The two main things that people tend to focus on are, firstly, the potential good outcomes that may occur: such as the median value, with its 50:50 chance of running out, or possibly the 75% level (1 chance in 4 of being maintained); and, secondly, the very secure spending levels that only have a low chance of running out, such as the 5% level (equivalently, a 95% chance of being maintained).  A tradeoff often occurs between these two ideas – if you want a higher median spending level, then what typically happens is that the chance of having a poor spending level increases.

This tradeoff is shown in Figure 3.  As we move from left to right across the chart the values show the spending levels that only have a small chance (5%) of running out – for example, the position of the High Growth circles indicate that if the investor wants only a low chance of running out, then they should aim for spending a bit over $34,000 a year.  For a Conservative strategy they could aim for spending almost $44,000 a year and be very confident (95%) that it will last for 25 years.

 

The vertical axis shows spending levels that have a 50% chance of lasting for 25 years (orange circles), and 25% of lasting for 25 years (75% chance of running out) (grey circles).  Asset allocations that have the highest sustainable spending levels – Defensive and Conservative – have the lowest potential for a high sustainable spending level.

If a High Growth strategy is adopted and then to be very confident that a spending level would last for 25 years, then they’d have to set that spending at about $34,000 per year.  But, a spending level of $53,000 could be maintained 50% of the time, and it’s possible that, 1 time in 4, a level around $70,000 could be maintained for 25 years.

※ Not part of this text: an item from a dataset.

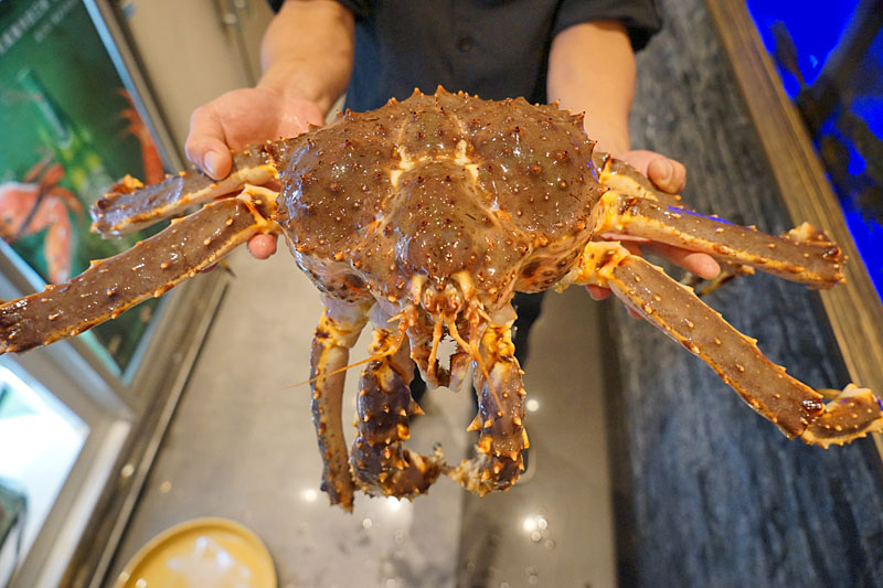 另外還有超大的帝王蟹,全部都是活體最新鮮的,有些高檔食材建議要提前預約,我原本想說會來這樣吃大餐的人應該很少吧?這些活體海鮮為什麼要準備那麼多呢?結果從進門到吃完離開時,竟然客滿耶…然後不少人都點毛蟹龍蝦等料理….原本一樓櫃台前面的海鮮也被掃空了,完全傻眼!

Examining charts such as these allows investors to decide how to tradeoff the possible higher values with the possibility of the lower values when deciding on an asset allocation strategy.  Plus, the benefit of our subscription package is that this analysis can be run at any time.  Should future conditions be more favourable, or unfavourable, than anticipated, then a new analysis may indicate that a different asset allocation is preferred.  This can then be executed through the investors preferred channel.

Extras

There’s a few extra things we need to remind you of:

  • All values are in today’s dollars. So, when you see a future value of $1,000, it should buy the same amount of goods as $1,000 would today.
  • We’re assuming that all today’s super rules and tax laws stay the same for the full projection. Given how quickly the government changes these rules, that’s not realistic, which is why we offer the 12 month subscription model at a price that everyone can afford.  This allows the subscriber to rerun the analysis whenever they wish.
  • When the superannuation fund has no assets left, the spending level reverts to the Age Pension level. If the Age Pension asset or income tests allow it, then a partial pension is included in the calculated spending levels.

Part of the spending levels require capital drawdowns from the fund.  This is in line with the original intention of the Superannuation Legislation, only intending the superannuation system to supplement the Age Pension in retirement.